Budowanie relacji wymaga skupienia na drugiej osobie. Biegniemy w trampkach, szpilkach, myślami. Tymczasem budując relacje potrzebujemy zatrzymać się po to, aby skoncentrować się na kimś innym. Potrzebujemy ciszy, aby w szumie informacji usłyszeć, co dla drugiej osoby jest ważne i czego jej potrzeba. Usłyszeć i dać. Jeśli zaczynam od siebie i daję, rośnie prawdopodobieństwo, że będę mógł wziąć w relacji to, czego potrzebuję, kiedy będę tego akurat potrzebował. I pewne jest to, że wszystkich tych potrzeb nie zaplanuję. One po prostu pojawiają się w życiu.
Relacje polegają na dawaniu i braniu. Dawaniu, konsekwentnie i regularnie. Na zapas, z góry, mimochodem, z klasą i bez błysku flashów. Kiedy to niepilne. Bo jeśli to staje się pilne, najczęściej jest już za późno na dawanie. Nie ma relacji bez odważnego dawania od siebie. Energii, wsparcia, wiedzy, doświadczeń. Ale też bez odsłaniania się, ujawniania własnej wrażliwości i przełamywania wstydu o tym, że nie wiem, że jestem kruchy i niedoskonały, że potrzebuję drugiej osoby. Trochę odłożenia na bok swojego ego. Tylko wtedy jest szansa na prawdziwą bliskość, na trwanie relacji, na dobre i na złe. Rosną na to szanse, gwarancji nie ma. Ważne jest to, że w relacji uczciwie daję i biorę. Że jest w niej miejsce na win-win. W dobrej relacji zachowane są dobre proporcje między dawaniem i braniem. I wcale nie chodzi o to, żeby było po równo. 50/50 to abstrakcja. Często ktoś daje mniej, dostaje więcej. Problem pojawia się, kiedy ta proporcja jest bardzo zaburzona. Wtedy dobrze się nie dzieje. Bo jeśli tylko biorę, to prędzej lub później ktoś wyjdzie z relacji, bo będzie czuł się wykorzystany, jeśli tylko daję, to z czasem wypalę się, pełen poczucia krzywdy i złości.

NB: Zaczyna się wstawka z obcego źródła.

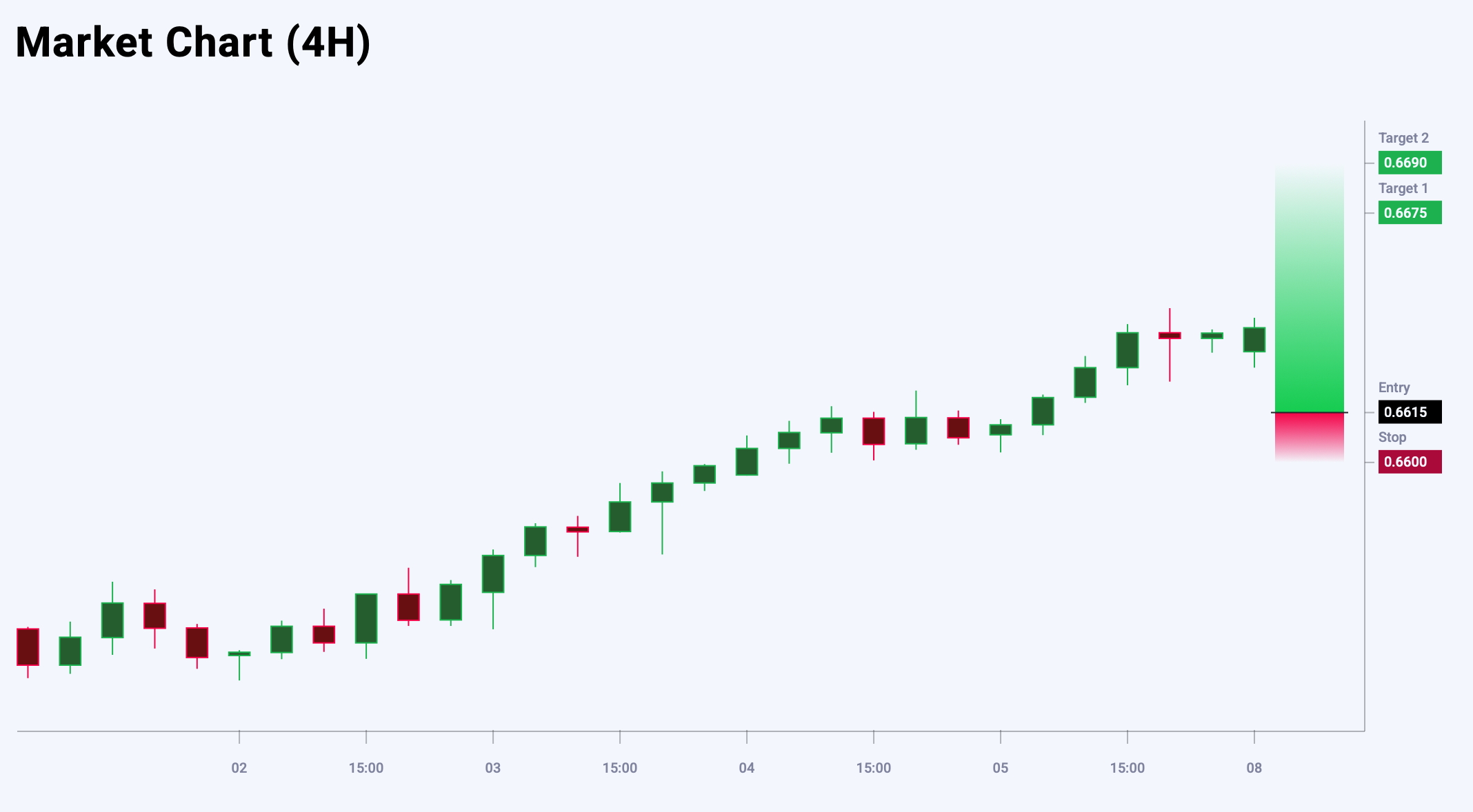 AUDUSD bo‘yicha o‘rta muddatli prognoz o‘sish tomonida qolmoqda. Qisqa muddatda RSI indikatori pasayib bormoqda, bu narxning vaqtinchalik zaiflashishini ko‘rsatishi mumkin. Optimal strategiya — pasayishlarda sotib olish. Asosiy qo‘llab-quvvatlash darajasi 0.6615 da joylashgan. Joriy narxlarda bozorga kirish risk/foyda nuqtai nazaridan ma’qul emas. Bugungi AUDUSD savdo g‘oyasi Buy Limit orderini o‘rnatishni tavsiya qiladi.

W relacjach potrzebna jest uczciwość.
Trudno o to, aby dać sobie szansę na budowanie relacji bez ciekawości. Od niej wszystko się zaczyna. Bo jeśli nie jestem ciekawy drugiej osoby, to jestem w relacji nieobecny. Ostatnio usłyszałam od kogoś, że zaczyna być ciekawy drugiej osoby tylko wtedy, kiedy widzi osobisty interes w jakiejś relacji. Taka warunkowa ciekawość, na zawołanie, pod dyktando osobistych korzyści. Można i tak. Uruchamiać ciekawość wtedy, kiedy czuję, że mogę coś dla siebie ugrać, że dzięki tej osobie mogę coś zyskać. Ciekawe. Ja bym tego ciekawością nie nazwała. Pół biedy, jeśli druga strona w tej relacji zyska też coś dla siebie. Pół biedy, jeśli transakcja opłaca się obu stronom. Gorzej, jeśli ktoś drugi staje się instrumentem do celu.

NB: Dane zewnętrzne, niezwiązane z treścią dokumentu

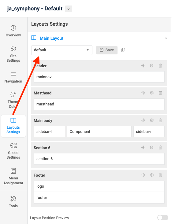 2/ Create a template style ja_symphony - Default and assign 'default' layout for it
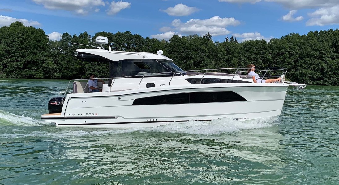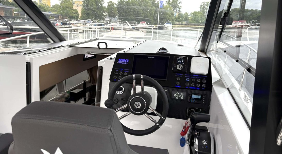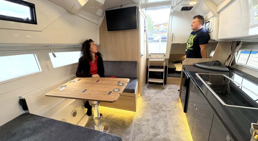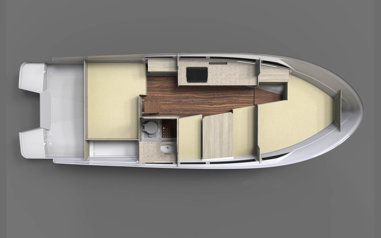 Gli interni garantiscono lo spazio necessario per accogliere comodamente una famiglia di quattro persone, senza compromessi. Il ponte superiore è riparato da un hard top, soluzione che genera un equilibrio perfetto tra le aree coperte e quelle all'aperto.
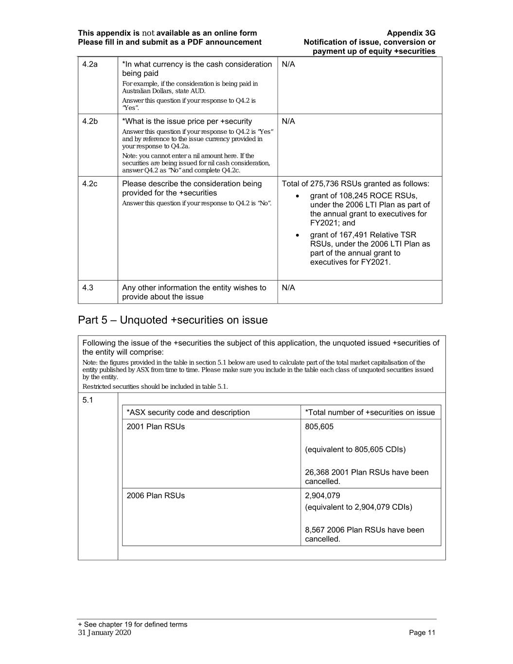 This appendix is not available as an online form Appendix 3G Please fill in and submit as a PDF announcement Notification of issue, conversion or payment up of equity +securities 4.2a *In what currency is the cash consideration N/A being paid For example, if the consideration is being paid in Australian Dollars, state AUD. Answer this question if your response to Q4.2 is “Yes”. 4.2b *What is the issue price per +security N/A Answer this question if your response to Q4.2 is “Yes” and by reference to the issue currency provided in your response to Q4.2a. Note: you cannot enter a nil amount here. If the securities are being issued for nil cash consideration, answer Q4.2 as “No” and complete Q4.2c. 4.2c Please describe the consideration being Total of 275,736 RSUs granted as follows: provided for the +securities grant of 108,245 ROCE RSUs, Answer this question if your response to Q4.2 is “No”. under the 2006 LTI Plan as part of the annual grant to executives for FY2021; and grant of 167,491 Relative TSR RSUs, under the 2006 LTI Plan as part of the annual grant to executives for FY2021. 4.3 Any other information the entity wishes to N/A provide about the issue Part 5 – Unquoted +securities on issue Following the issue of the +securities the subject of this application, the unquoted issued +securities of the entity will comprise: Note: the figures provided in the table in section 5.1 below are used to calculate part of the total market capitalisation of the entity published by ASX from time to time. Please make sure you include in the table each class of unquoted securities issued by the entity. Restricted securities should be included in table 5.1. 5.1 *ASX security code and description *Total number of +securities on issue 2001 Plan RSUs 805,605 (equivalent to 805,605 CDIs) 26,368 2001 Plan RSUs have been cancelled. 2006 Plan RSUs 2,904,079 (equivalent to 2,904,079 CDIs) 8,567 2006 Plan RSUs have been cancelled. + See chapter 19 for defined terms 31 January 2020 Page 11

Jestem wdzięczna za relacje, dzięki którym widzę i rozumiem więcej, rozumiem bardziej siebie i innych. Za te, w których było czy jest trudno, które są wyzwaniem. W życiu prywatnym i zawodowym. Staram się mówić o tej wdzięczności na głos. Mówić innym o tym, że na mnie wpływają i czego się od nich uczę. Myślę, że to szalenie ważne, aby to, za co jesteśmy innym wdzięczni, nie było tylko w naszej głowie, aby nazywać rzeczy po imieniu. Inni nam w myślach czytać nie potrafią. Relacja z kim jest dla Ciebie ważna, rozwojowa? Z jakiego powodu taka jest? Czy ta osoba wie o tym, co wnosi do Twojego życia, prywatnego czy zawodowego? I wreszcie, co zrobiłeś, aby zadbać o tę relacje w tym roku? Jeśli mogłeś zadbać bardziej, kolejny przed nami. Życzę Tobie dobrych relacji, w których dzieje się dobrze, w 2020 roku.
życzę każdemu w Nowym Roku odwagi do zerwania złych relacji, które nas niszczą i siły w budowaniu tych, które pomagają nam wzrastać.
Relacje są piękne ważne i niezbędne ale tylko wtedy kiedy obie strony o nie dbają i im na nich zależy. Jeszcze na koniec życzę więcej tych relacji bezpośrednich, pamiętajmy: „telefon zbliża do tych co są daleko, ale oddała od tych co są blisko”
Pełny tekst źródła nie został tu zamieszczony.